Dengan kata lain, untuk mencapai ide-idenya, al-Afghani mengusahakan dalam wacana:
- Rakyat harus dibersihkan dari kepercayaan ketahayulan.
- Orang harus yakin bahwa ia dapat mencapai tingkat/derajat budi luhur.
- Rukun Iman harus menjadi harus betul-betul menjadi pegangan hidup dalam kehidupan manusia, bukan sekedar ikutan belaka.
- Setiap generasi umat harus ada lapisan istimewa untuk memberikan pendidikan dan pengajaran pada manusia-manusia yang bodoh dan juga memerangi hawa nafsu jahat dan menegakkan disiplin.
Demikianlah, sekilas tentang sosok dan ide pemikiran pembaruan al- Afghani yang berintikan Pan-Islamisme (persatuan umat Islam). Semasa hidupnya, al-Afghani berusaha untuk mewujudkan persatuan itu yang sedikit- banyaknya membuahkan hasil. Hal ini terlihat jelas dalam ide-ide modernisme di Mesir yang menggugah kesadaran umat Islam untuk mengevalusi diri terutama pada hal-hal yang berkenaan dengan keterbelakangan yang mereka hadapi.
Selain di Mesir, ide-ide al-Afghani, juga mempengaruhi pemikir-pemikir pembaru sesudahnya. Di Turki misalnya, pada akhir abad ke 19, Abdul Hamid, Sultan Turki, melancarkan program Pan-Islamisme. Program ini dimaksudkan untuk menyelamatkan rezimnya yang goyah akibat serangan dari luar dan tumbuhnya gerakan nasionalisme dari dalam.
Beberapa tahun kemudian, semangat Pan-Islamisme timbul di kalangan umat Islam di India.
Dengan kata lain, pemikiran al-Afghani mempunyai arti yang sangat signifikan dalam dunia Islam. Signifikansi ini terletak pada daya jangkauan pemikiran al-Afghani yang “multinasional”.
Selain itu, umat Islam benar-benar merasa tercambuk untuk menyadari atas perlunya gerakan fisik material dan intelek-spiritual dalam membangun kembali obsesi kemajuan peradabannya.
Sang Rajawali
Buya Hamka, menilai Jamaluddin al-Afghani laksana seekor Rajawali yang selalu memiliki wawasan yang tajam, cemerlang dan sangat ditakuti lawan. “Sang Rajawali” tidak pernah memiliki sarang rendah, tempatnya pun selalu berpindah-pindah. Wibawanya terpancar dari kekuatan mata yang siap melumpuhkan lawan.
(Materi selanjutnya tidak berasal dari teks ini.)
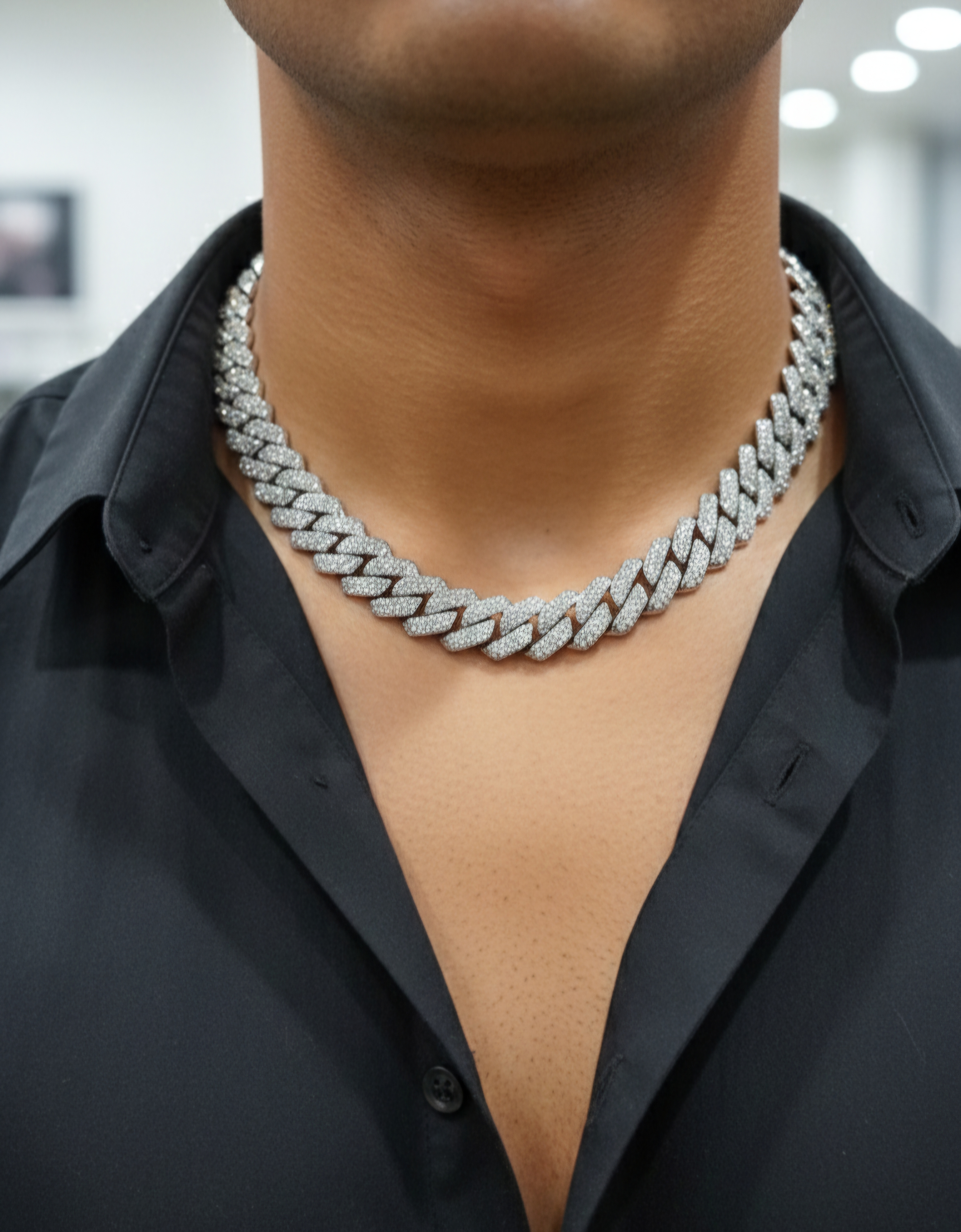 گردنبند دخترانه کرومی برجسته با زنجیر استیل نقرهای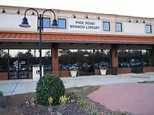 The Pike Road Public Library of the Montgomery City-County Public Library is located in Pike Road.[7][13] It is located in the Pike Road Station shopping center near the intersection of Pike and Vaughn Roads.[14]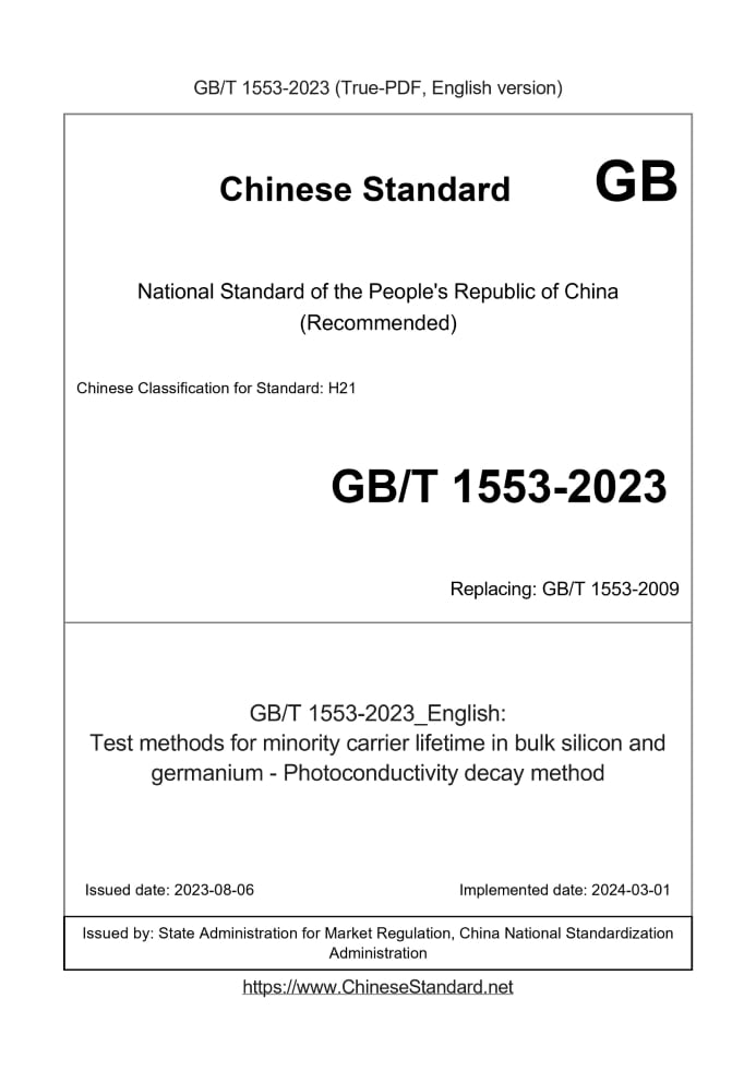 Delivery: <= 5 days. True-PDF full-copy in English will be manually translated and delivered via email. GB/T 1553-2023: Test methods for minority carrier lifetime in bulk silicon and germanium - Photoconductivity decay method Status: Valid GB/T 1553: Historical versions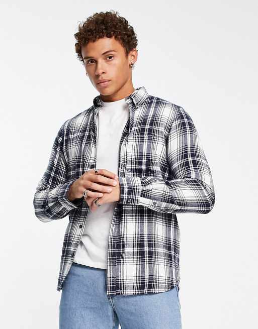 French Connection long sleeve check flannel shirt in white and black
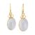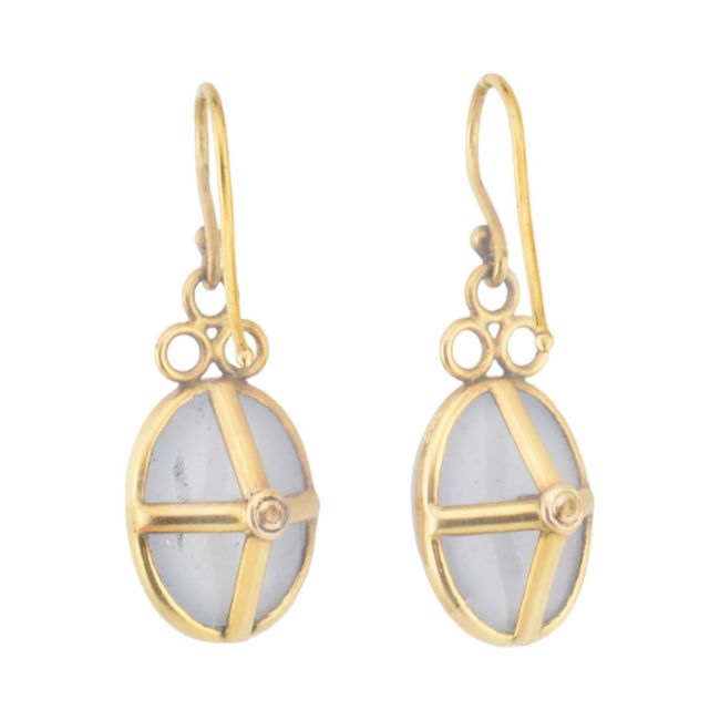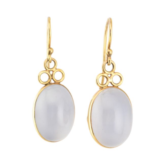 A pair of blue chalcedony pendant earrings. The earring set with large blue chalcedony cabochons to a basket mount with hook fasteners. Unmarked. Weight 11.6g. Measures 3cm.

Cahaya pembaruan yang dipancarkan “Sang Rajawali”, sanggup menyinari hampir seluruh wilayah Islam, bahkan sampai ke Indonesia. Inilah mata rantai dan anak tangga yang sangat urgen, menuju bangunan peradaban Islam dalam konteks kekinian. (*)
Artikel ini disarikan dari pelbagai sumber.